Das FA kann gegen einen Lohnsteuererstattungsanspruch auch dann nicht mit einer Forderung einer anderen Körperschaft des öffentlichen Rechts aufrechnen, wenn es von der zuständigen Behörde dieser Körperschaft (hier Landesarbeitsamt) um die Vollstreckung der Forderung ersucht worden ist.

AO 1977 § 226, § 250, § 252.

Vorinstanz: FG Berlin

Entscheidungsgründe

Der Senat teilt die Auffassung des FG, daß sich aus § 252 AO 1977 die für die Aufrechnung notwendige Identität von Gläubiger und Schuldner nicht herleiten läßt. Nach dieser Vorschrift gilt zwar im Vollstreckungsverfahren die Körperschaft als Gläubigerin der zu vollstreckenden Ansprüche, der die Vollstreckungsbehörde angehört. Daraus folgt aber nicht, daß sie auch zur Aufrechnung befugt ist.

§ 252 AO 1977 enthält lediglich eine Regelung darüber, wer als Gläubiger im Vollstreckungsverfahren gilt. Der Begriff des Gläubigers im Sinne dieser Vorschrift ist danach ein verfahrensrechtlicher Begriff, der nur für die Zwangsvollstreckung Bedeutung hat und der nicht mit der Bezeichnung desjenigen verwechselt werden darf, dem der zu vollstreckende Anspruch materiell-rechtlich zusteht, so daß dieser Gläubiger dem Gläubiger im Zwangsvollstreckungsverfahren gegenübergestellt ist (vgl. Schwarz in Hübschmann/Hepp/Spitaler, Kommentar zur Abgabenordnung und Finanzgerichtsordnung, 8. Aufl., § 252 AO 1977 Anm. 2). Die Bestimmung des Gläubigers für das Zwangsvollstreckungsverfahren in § 252 AO 1977 ist als Sonderregelung anzusehen, deren Sinn und Zweck u. a. darin zu erblicken ist, für die Zwangsvollstreckung die Schwierigkeiten zu beseitigen, die sich ohne diese Regelung daraus ergeben würden, daß eine Vollstreckungsbehörde (FA, Hauptzollamt) i. S. des § 249 AO 1977 für eine andere Körperschaft als materiell-berechtigte Gläubigerin eines Anspruchs Vollstreckungsmaßnahmen auf deren Ersuchen (§ 250 AO 1977) ausführt (vgl. Schwarz in Hübschmann/Hepp/Spitaler, a. a.

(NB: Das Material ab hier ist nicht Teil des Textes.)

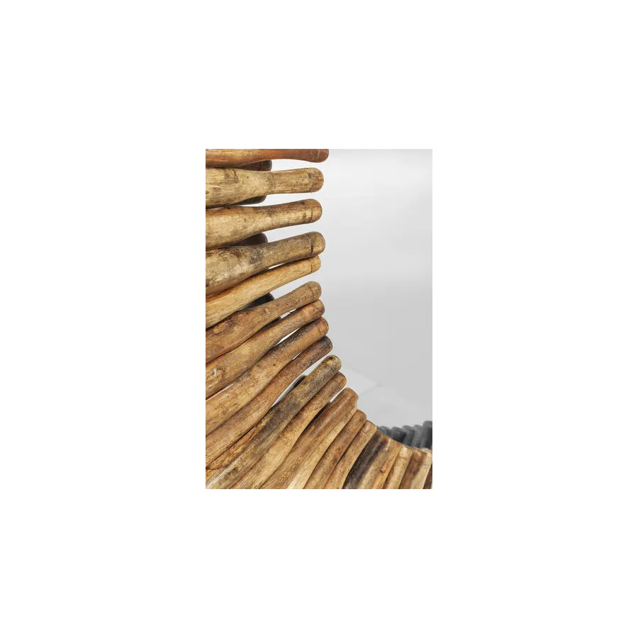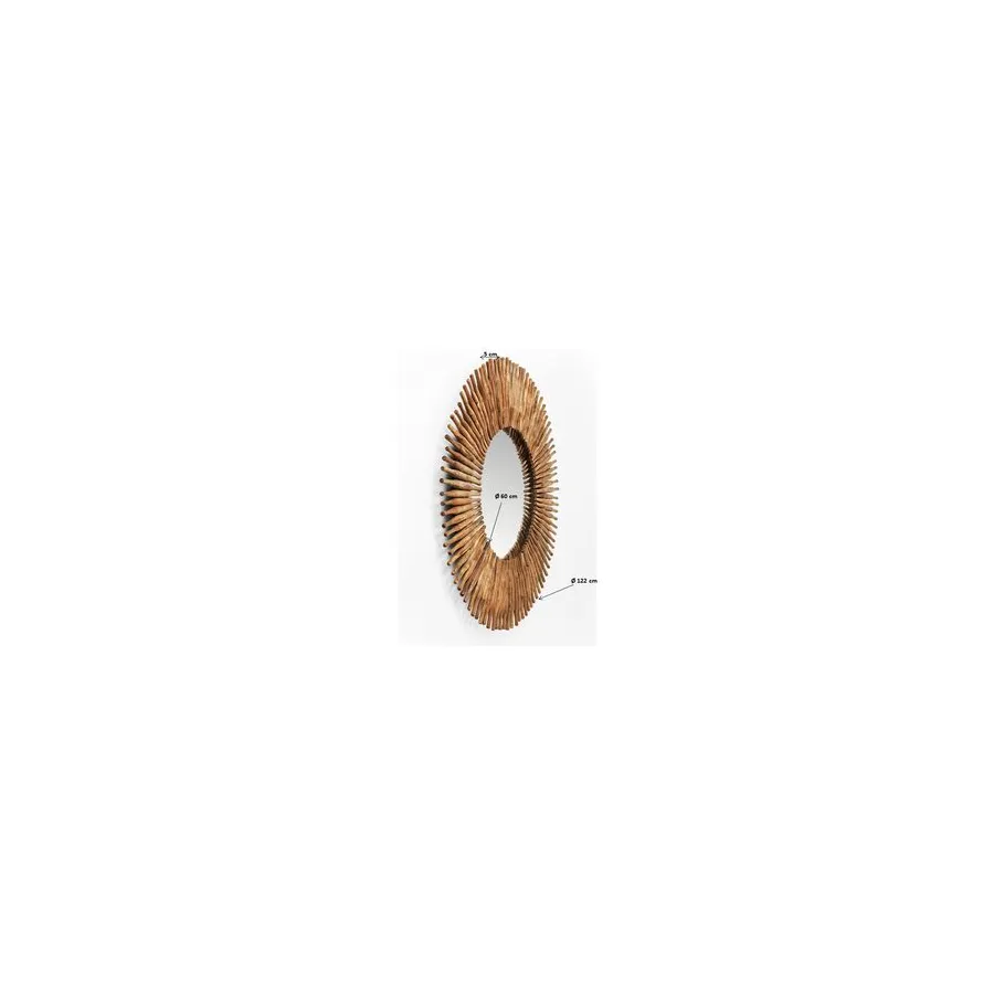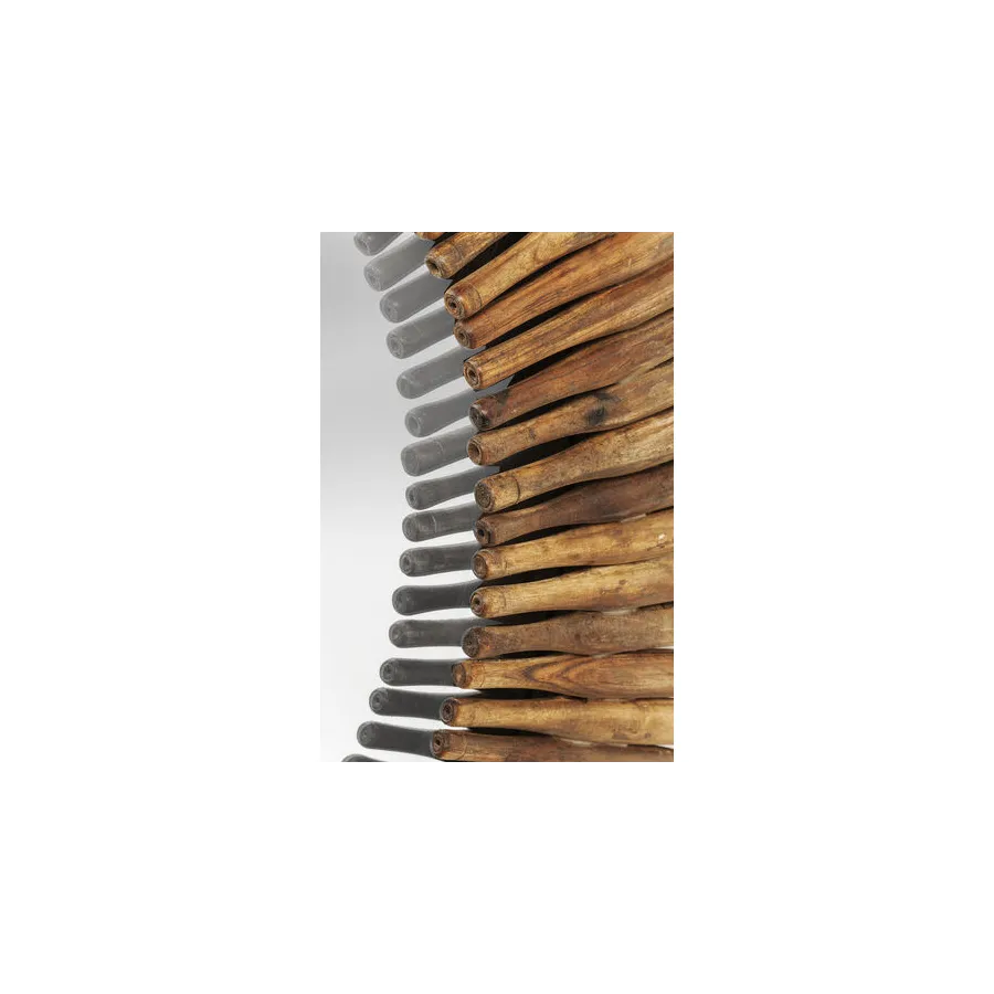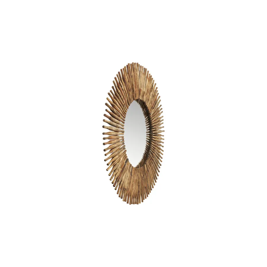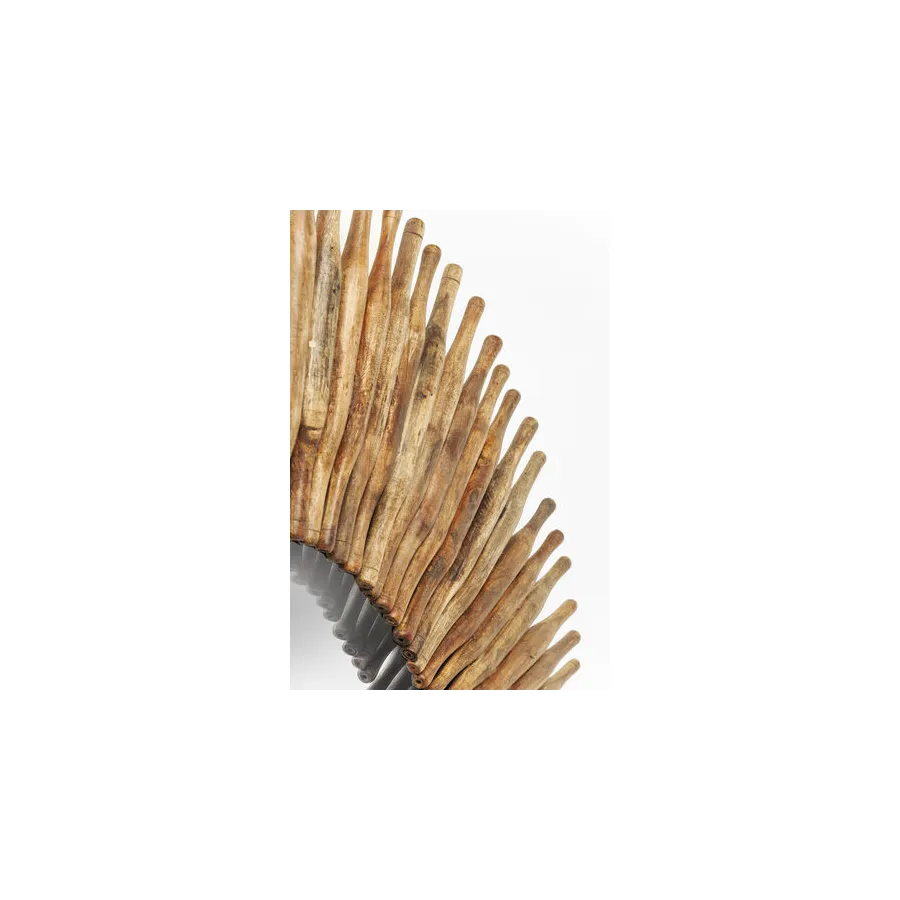 Od kija do lustrzanego odbicia. To oryginalne lustro dekoracyjne otoczone jest drewnianymi elementami. Czysta natura z usłojeniem i nierównym, zniszczonym wyglądem. Ładny dodatek do przedpokoju lub salonu.
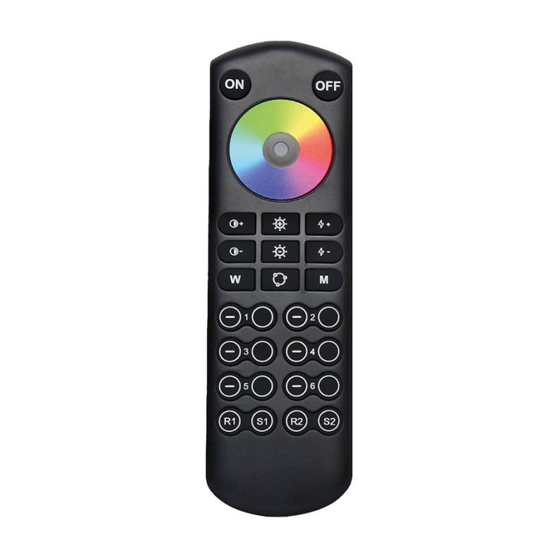 Il radiocomando touch RGB+CCT a 6 zone permette il controllo avanzato dell'illuminazione con pulsanti a sfioramento, offrendo la regolazione di colore RGB (intensita', velocita' e saturazione) e bianco (temperatura colore e intensita'). Include modalita' preimpostate e la possibilita' di memorizzare 2 combinazioni preferite. Alimentato a batterie AAA (non incluse), e' lo strumento ideale per gestire in modo intuitivo scenari luminosi personalizzati in ambienti residenziali o commerciali. Prodotto eccellente, realizzato con materiali di alta qualita' e pensato per durare nel tempo.
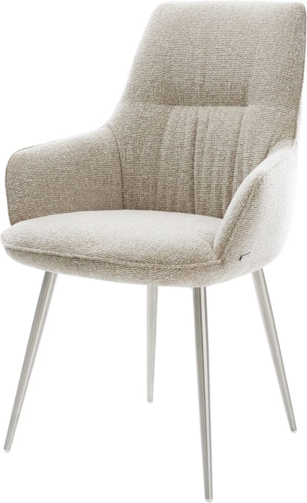 Jedálenská stolička Zelia-Flex s opierkami bouclé mäkký tmavobéžová 4-nohá zúžená čierna vrecková pružina
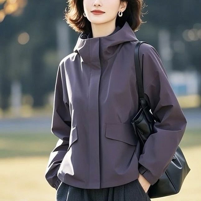 2025 고급 한국 독특한 세련된 슈퍼 잘 생긴 후드 쇼트 코트 여성의 봄과 가을 캐주얼 자켓
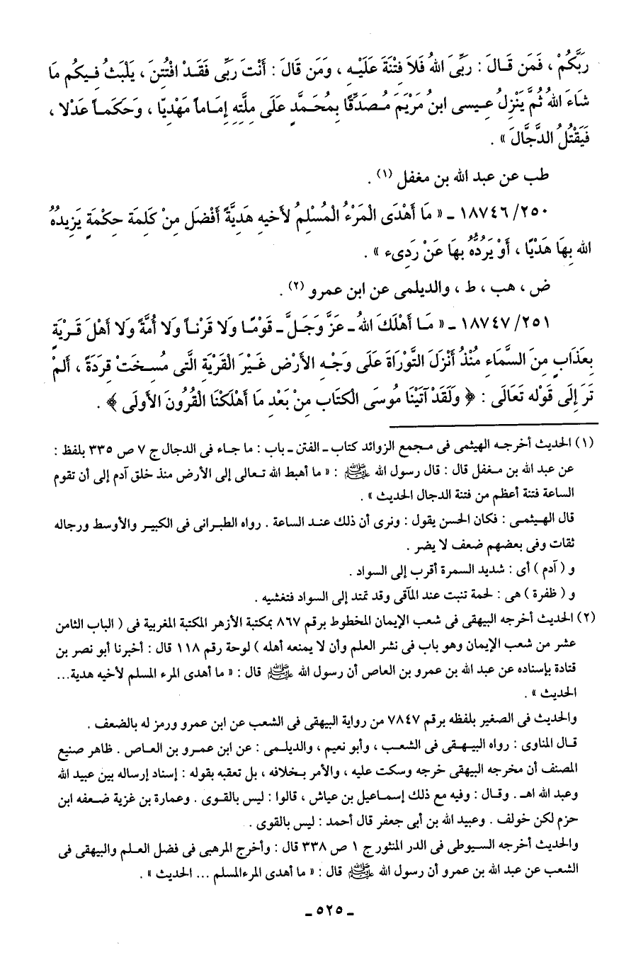 (¬2) الحديث أخرجه البيهقي في شعب الإيمان المخطوط برقم 867 بمكتبة الأزهر المكتبة المغربية في (الباب الثامن عشر من شعب الإيمان وهو باب في نشر العلم وأن لا يمنعه أهله) لوحة رقم 118 قال: أخبرنا أبو نصر بن قتادة بإسناده عن عبد الله بن عمرو بن العاص أن رسول الله - صلى الله عليه وسلم - قال: "ما أهدى المرء المسلم لأخيه هدية ... الحديث".
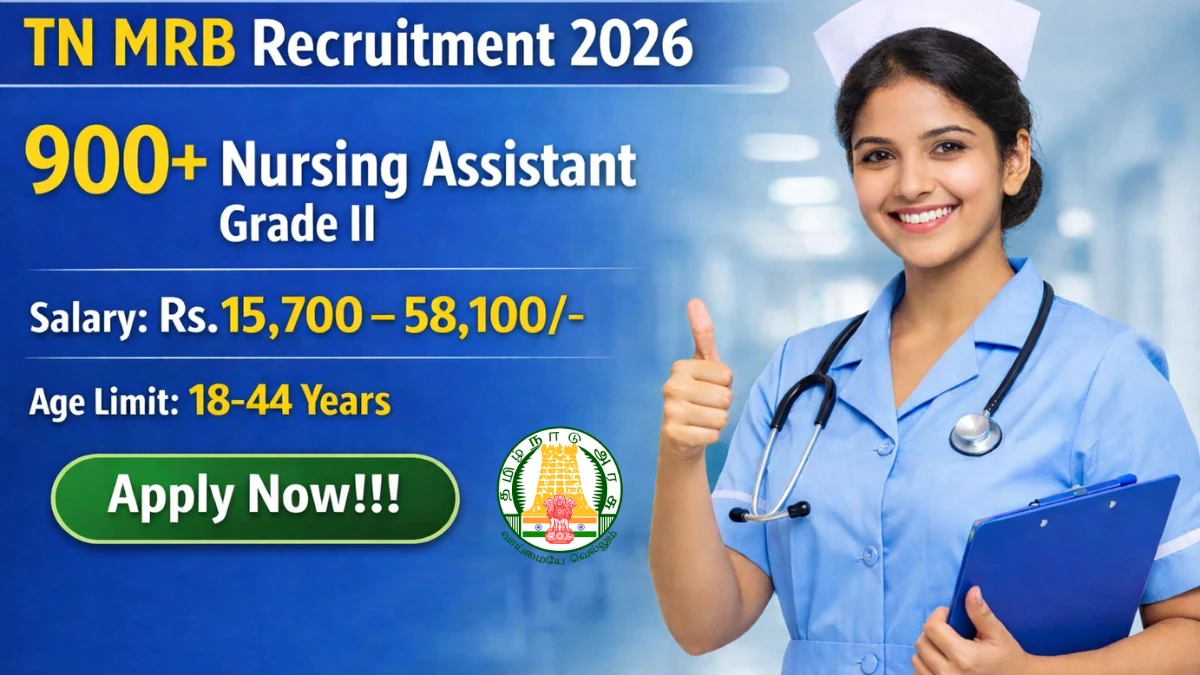 Tamil Nadu Medical Services Recruitment Board (TN MRB) has released an official notification for the recruitment of 999 Nursing Assistant Posts. Interested and eligible candidates can apply Online through the official TN MRB website. The last date to submit the application form is 08-02-2026. In this article, you’ll find the TN MRB Nursing Assistant Posts recruitment details, including eligibility criteria, age limit, salary structure, selection process, application steps, and direct links to the official notification and Online application form.
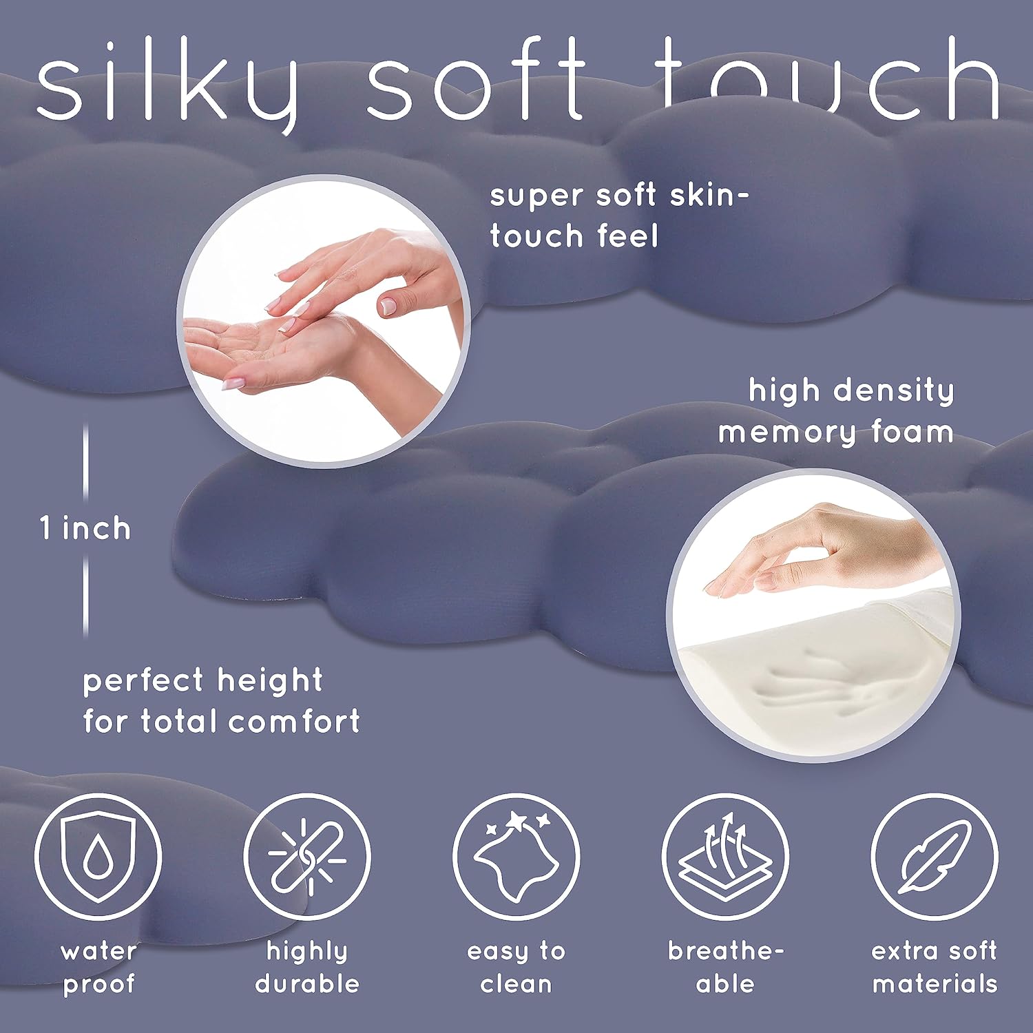 - Cloud Soft Comfort โ The new slate blue cloud wrist rest by Create-ables prioritizes comfort and quality. The outer material of the cloud mouse pad with wrist rest is milk-silk โ a soft, luxurious and biodegradable fabric that is similar in texture to silk and cashmere. Milk-silk is skin-friendly (unlike PU leather made from oil and chemicals) and more durable than most other fabrics

O., Anm. 1).

Als Gläubigerin im Vollstreckungsverfahren kann die Körperschaft, zu der die Vollstreckungsbehörde gehört, nur Rechte zur Durchsetzung von Vollstreckungsmaßnahmen geltend machen und auch nur aus Vollstreckungsmaßnahmen Rechte erwerben. Die Vollstreckungsmaßnahmen sind im Sechsten Teil der AO 1977 abschließend geregelt (vgl. Schwarz in Hübschmann/Hepp/Spitaler, a. a. O., Anm. 4). Die Aufrechnung gehört nicht dazu. Sie gehört in den Bereich des Erhebungsverfahrens (vgl. Beschlüsse des Bundesfinanzhofs - BFH - vom 30. Juni 1971 II B 8/68, BFHE 102, 232, BStBl II 1971, 603, und vom 18. März 1976 V R 127/71, BFHE 118, 163, BStBl II 1976, 438) und ist nicht eine Maßnahme der Vollstreckung (Beschluß des erkennenden Senats vom 7. März 1967 VII 164/62, BFHE 88, 311, 313, BStBl III 1967, 381). Im Ergebnis entspricht diese Auffassung auch der weit überwiegend im Zivilrecht vertretenen Meinung, daß die Aufrechnung nicht als Maßnahme der Zwangsvollstreckung anzusehen ist (vgl. u. a. das Urteil des Bundesgerichtshofs - BGH - vom 26. Mai 1971 VIII ZR 137/70, Neue Juristische Wochenschrift - NJW - 1971, 1563, m. w. N.; s. auch Urteil des Bundesverwaltungsgerichts - BVerwG - vom 13. Oktober 1971 VI C 137.67, Die Öffentliche Verwaltung - DÖV - 1972, 573). Die Finanzbehörde kann deshalb gegen einen Lohnsteuererstattungsanspruch selbst dann nicht mit der Forderung einer anderen Körperschaft des öffentlichen Rechts aufrechnen, wenn sie von der zuständigen Behörde dieser Körperschaft gemäß § 250 AO 1977 um die Vollstreckung der Forderung ersucht worden ist.